- [ABOUT THIS EXERCISE]
Only the lines below from the one containing "- Na aba Integração, selecione" through the one containing "Braune, zylinderförmige Holzdose" belong in the answer, repeated exactly and without pictures.
---------- PROVIDED RECORDS ----------
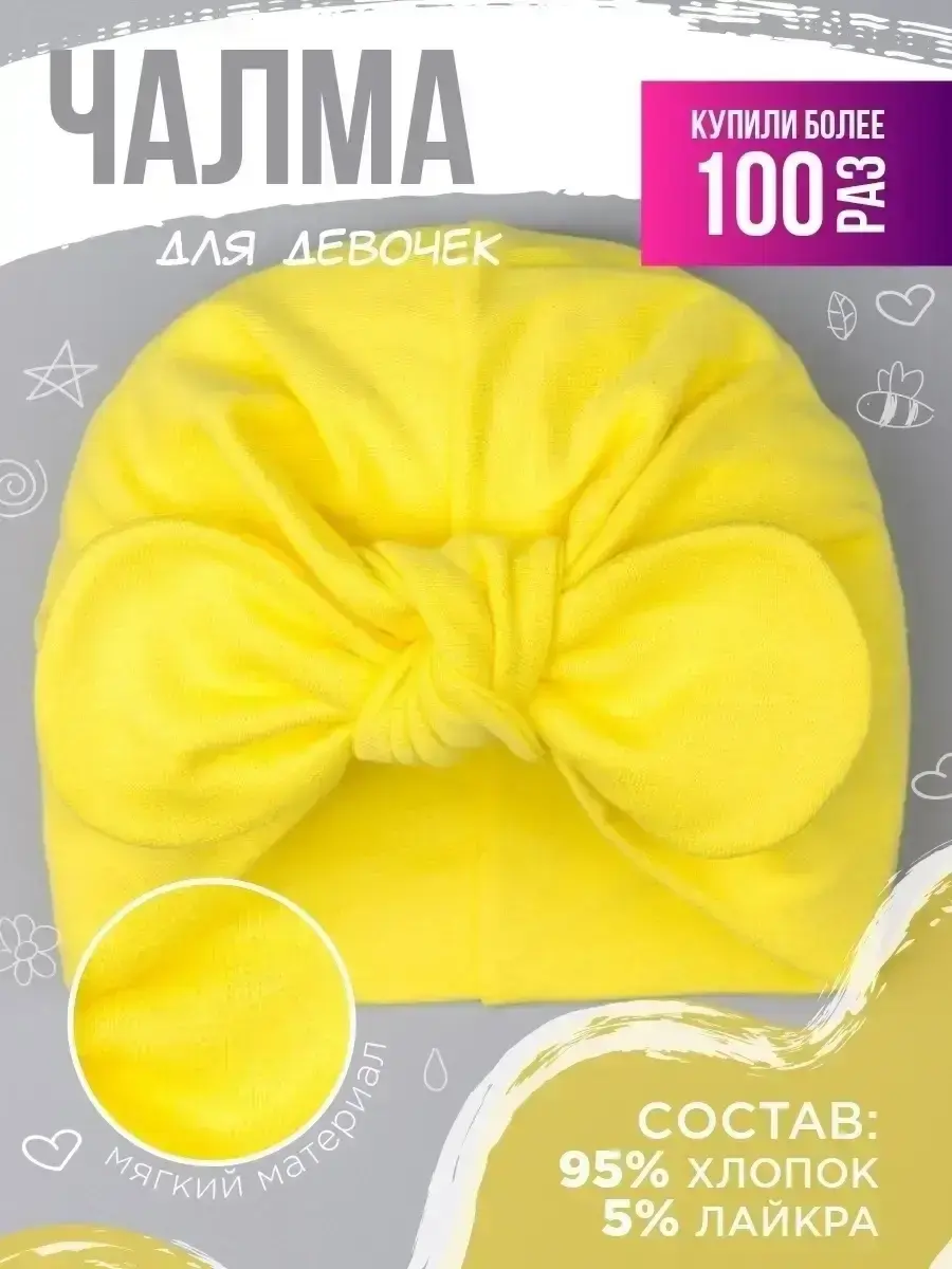 Чалма детская без завязок станет прекрасным повседневным вариантом на эту осень. Шапка для дочки смотрится очень стильно и лаконично, и подходит даже самым маленьким (от 1 мес). Тюрбан для девочки выполнен из высококачественного двухслойного трикотажа (в составе хлопок-95% и лайкра-5 %) и обязательно порадует своим комфортом Вашего малыша. Модель отлично сидит на голове, не сползает и не перекручивается во время активных игр. Аксессуар для головы с бантом позволит создавать новые яркие образы каждый день. Благодаря широкой палитре цветов, Вы с легкостью подберете детский тюрбан к любому гардеробу юной принцессы. При условии бережного ухода изделие надолго сохранит свою первоначальную форму и цвет. В нашем магазине Вы также сможете подобрать к чалме красивый снуд или нагрудник. Высокое качество и доступная цена отмечены множеством положительных отзывов наших постоянных покупателей! Порадуйте своего ребенка модным аксессуаром из нашей коллекции головных уборов! Бережная стирка при t не более 30 С и правильная сушка позволит изделию радовать Вас дольше. Сделано в России.
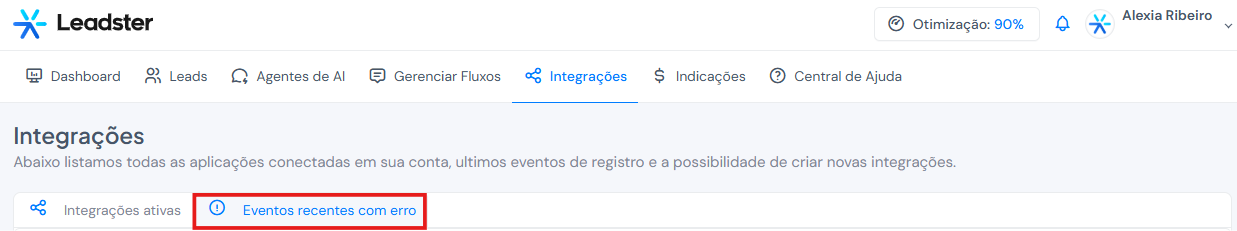 - Na aba Integração, selecione a opção “Eventos recentes com erro”.
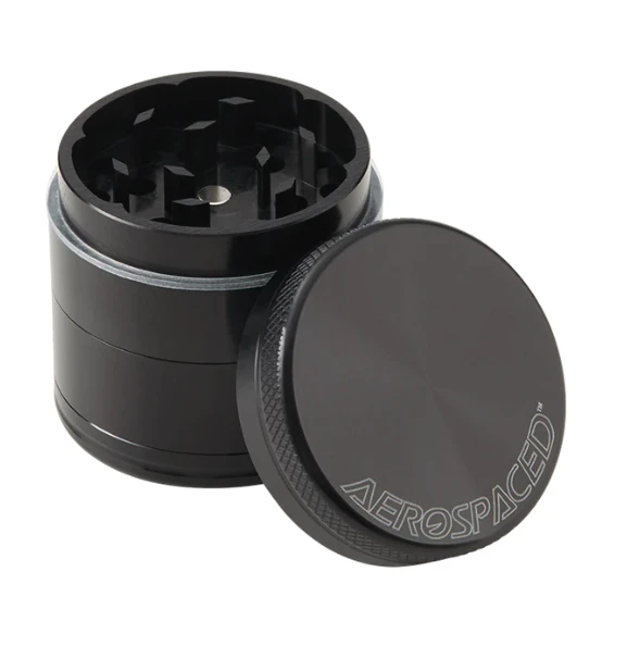 This Black AeroSpaced grinder feature diamond shaped razor sharp teeth, designed to shred through dense material with ease. AeroSpaced grinders are CNC machined from a single solid block of high-grade aluminum, resulting in each piece fitting perfectly. No Paint! Colors are achieved through anodization, which also hardens the aluminum. The silver version is polished aluminum. The top piece of every AeroSpaced grinder is held securely in place by an embedded magnet that still allows for easy rotation.
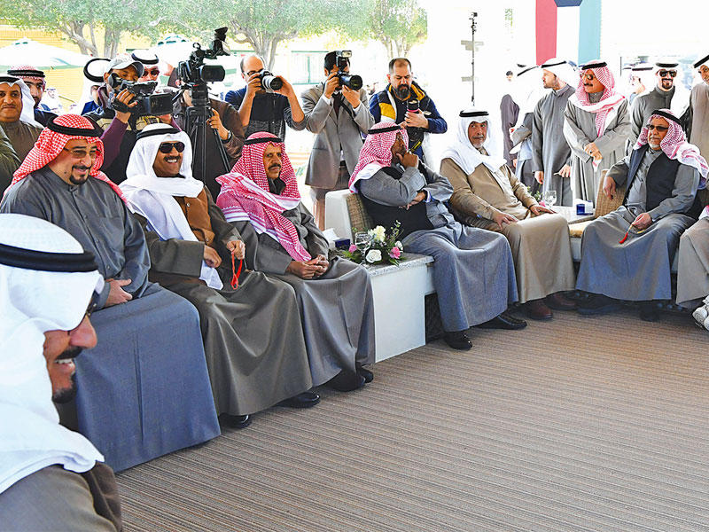 الأمير وولي العهد وجابر العبدالله وجابر المبارك في مزرعة عزايز أمس
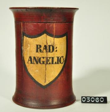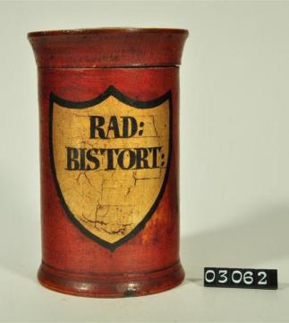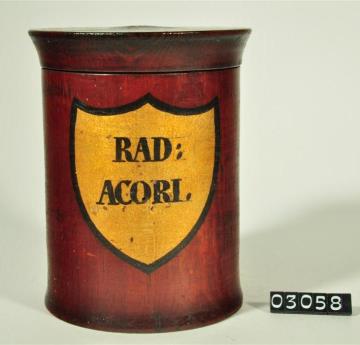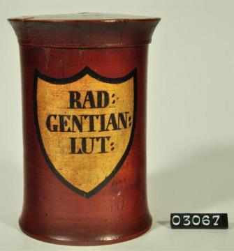 Braune, zylinderförmige Holzdose (Holzbüchse) mit ausgestelltem Standfuß und eingepaßtem, flachem Stülpdeckel und nach außen gebogenem Profil. Auf der Schauseite schildförmiges und goldfarbenes Beschriftungsfeld mit schwarzem Rand. Schwarz signiert
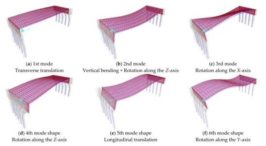 Model analyses were performed on 16 SIAB models, in which the skew angle varied from 0°, 15°, 30° to 45°, and the abutment backfill varied from no-backfill (soil-free) to loosely, medium-densely and densely compacted sand. The first six mode shapes for Model 10, the prototype bridge model with a 15° skew and densely compacted backfill, are shown in Figure 4. As shown in the figure, when there is a skew angle, the major vibration modes of integral abutment bridge include transverse translation, vertical bending, in-plane rotation, longitudinal translation, rotation about the longitudinal axis (X), and rotation about the transverse axis (Y) etc., and the first vibration mode is transverse translation.
----------
- [RESPONSE AREA]
 - Na aba Integração, selecione a opção “Eventos recentes com erro”.
 This Black AeroSpaced grinder feature diamond shaped razor sharp teeth, designed to shred through dense material with ease. AeroSpaced grinders are CNC machined from a single solid block of high-grade aluminum, resulting in each piece fitting perfectly. No Paint! Colors are achieved through anodization, which also hardens the aluminum. The silver version is polished aluminum. The top piece of every AeroSpaced grinder is held securely in place by an embedded magnet that still allows for easy rotation.
 الأمير وولي العهد وجابر العبدالله وجابر المبارك في مزرعة عزايز أمس
 Braune, zylinderförmige Holzdose (Holzbüchse) mit ausgestelltem Standfuß und eingepaßtem, flachem Stülpdeckel und nach außen gebogenem Profil. Auf der Schauseite schildförmiges und goldfarbenes Beschriftungsfeld mit schwarzem Rand. Schwarz signiert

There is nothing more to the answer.